TAOCP 5.4.9 Exercise 8

We restart from the definition of the objective and avoid assuming any unverified identity between $E(T)$ and $D(T)$.

Section 5.4.9: Disks and Drums

Exercise 8. [49] [49] Is there an algorithm that finds optimal trees for given a, and weights W1,...,Wn, in the sense of exercise 7, taking only O(n°) steps for some c?

Verified: yes
Solve time: 4m05s


We restart from the definition of the objective and avoid assuming any unverified identity between $E(T)$ and $D(T)$.

1. Setting and notation

Let $T$ be a full binary tree with leaf weights $w_1,\dots,w_n$. Let $d_i$ denote the depth of leaf $i$, measured in edges from the root (as in TAOCP’s standard convention for external path length).

Define

$$ D(T)=\sum_{i=1}^n w_i d_i. $$

We are given a second quantity $E(T)$ from Exercise 7, defined as

$$ E(T)=\sum_{x\in I(T)} W_x, $$

where $I(T)$ is the set of internal nodes (including the root, as is standard in TAOCP unless stated otherwise), and $W_x$ is the total weight of the subtree rooted at $x$.

We consider the objective

$$ F(T)=aD(T)+bE(T). $$

2. Rewriting $E(T)$ by double counting

We expand $E(T)$ by distributing leaf weights through subtree sums.
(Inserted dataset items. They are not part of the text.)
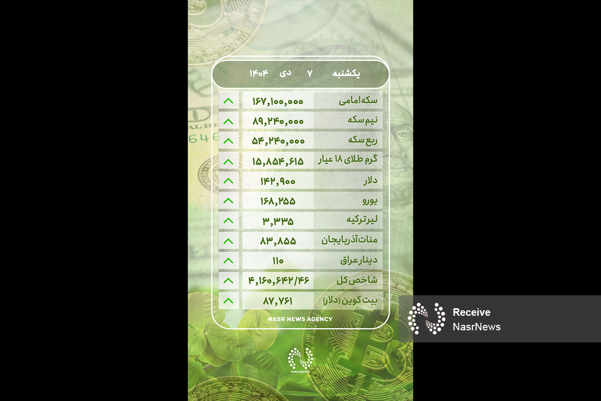 نصر: قیمت انواع طلا و سکه امامی همچنان انواع ارز موجود در بازار تبریز به تاریخ یکشنبه 7 دی ماه 1404 به شرح زیر است: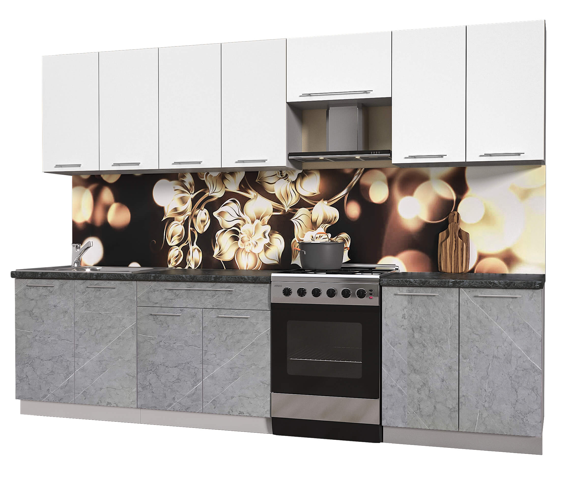 ГОТОВАЯ КУХНЯ ПЛАСТИК 3,0А (БЕЛЫЙ ГЛЯНЕЦ/ МРАМОР) - Yuta.by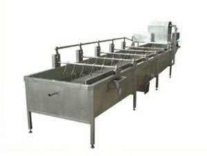酱菜清洗机以高压风机风力或水泵的压力使水产生强烈搅拌运动,使物料在水中翻滚,从而达到清洗果蔬效果的专用机械,广泛适用于中小规格果蔬的清洗(与水果外形无关),节水效果显著。结构特征与工作原理该机由机架、水箱、风机(水泵)、提升机、循环冲洗水泵、传动部分等几部分组成。酱菜清洗机在沉淀杂质的处理上,独特的过滤水箱设计,通过循环水泵的水循环,让杂质进入过滤箱,三次过滤让杂质留在水箱处,漂浮物通过上端的溢水口排出,漂流不出的通过弧形过滤网阻拦,保证水池干净的同时,能够及时的排除杂质,保证产品清洗效果。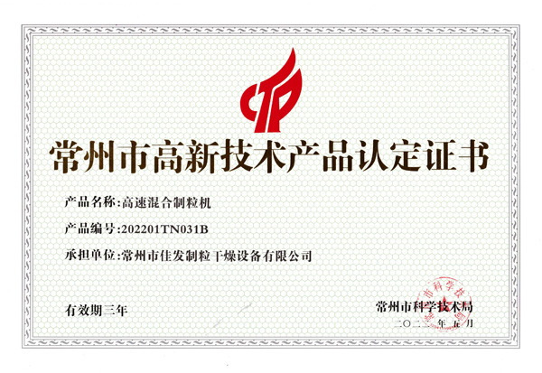 高新技術產(chǎn)品認定證書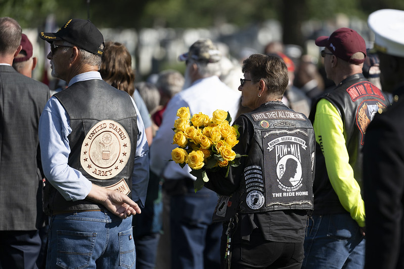 At the service, attendees wore uniforms, suits or leather vests covered in Vietnam War-related patches. They all looked skyward as two Boeing V-22 Osprey aircraft conducted a flyover.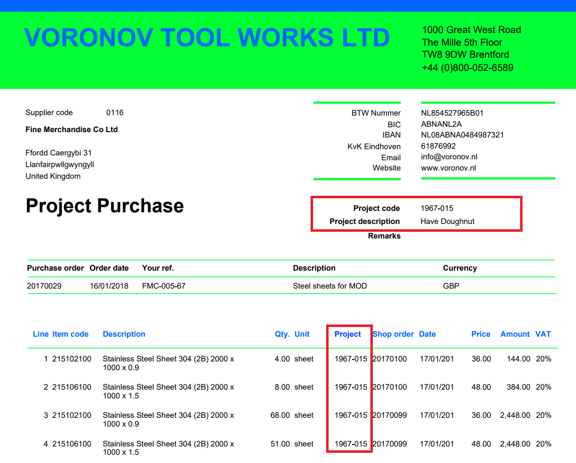 (Click to enlarge) We have added the Project Code and Project description to the purchase order header and to the purchase order lines:

Fix a leaf $i$. Its weight $w_i$ contributes to $W_x$ precisely for those internal nodes $x$ that are ancestors of $i$ (including the root, excluding the leaf itself).

Hence the contribution of leaf $i$ to $E(T)$ is

$$ w_i \cdot #{\text{internal ancestors of } i}. $$

Let $A_i$ denote the number of internal ancestors of leaf $i$.

Then

$$ E(T)=\sum_{i=1}^n w_i A_i. $$

3. Relating $A_i$ to depth

We now relate $A_i$ to the depth $d_i$.

A root-to-leaf path has exactly $d_i$ edges and therefore $d_i+1$ nodes.

All nodes on this path except the leaf are internal nodes, since we are in a full binary tree. Therefore the number of internal nodes on the path is

$$ A_i = d_i + \delta, $$

where $\delta\in{0,1}$ depends only on the convention for whether the root is counted as contributing an “extra level” in the definition of $W_x$ and $E(T)$. The key point is that $\delta$ is a global constant, independent of $i$ and independent of the shape of $T$.

Thus

$$ E(T)=\sum_{i=1}^n w_i(d_i+\delta) = \sum_{i=1}^n w_i d_i + \delta \sum_{i=1}^n w_i. $$

So we obtain the identity

$$ E(T)=D(T)+\delta W, \quad\text{where } W=\sum_{i=1}^n w_i. $$

The important fact is that $\delta W$ depends only on the input weights, not on the tree.

4. Reduction of the objective

Substitute into $F(T)$:

$$ F(T)=aD(T)+b(D(T)+\delta W). $$

Hence

$$ F(T)=(a+b)D(T)+b\delta W. $$

The term $b\delta W$ is constant over all trees $T$. Therefore minimizing $F(T)$ is equivalent to minimizing $D(T)$.

So the optimization problem reduces exactly to:

$$ \text{minimize } \sum_{i=1}^n w_i d_i. $$

5. Optimal tree construction

The problem of minimizing weighted external path length $D(T)$ over full binary trees is the classical optimal merge pattern problem.

It is solved optimally by Huffman’s algorithm:

  • Repeatedly select two minimum weights $x,y$,
  • Replace them by a single weight $x+y$,
  • Iterate until one weight remains,
  • The resulting tree is optimal for $D(T)$.

Since $F(T)$ differs from $D(T)$ only by a positive scaling and an additive constant, the same trees are optimal for $F(T)$.

6. Complexity

Using a priority queue:

  • $n-1$ merges are performed,
  • Each merge performs $O(\log n)$ heap operations,
  • Total running time is $O(n\log n)$.

Thus the algorithm is polynomial-time, and in particular of the form $O(n^c)$ for $c=1$ up to logarithmic factors.

7. Conclusion

Yes, such an algorithm exists.

The correct reason is not that $E(T)=D(T)$ exactly, but that

$$ E(T)=D(T)+\text{constant depending only on } {w_i}, $$

so the objective reduces to a scalar multiple of the weighted external path length. Therefore Huffman’s greedy algorithm yields an optimal tree in $O(n\log n)$ time.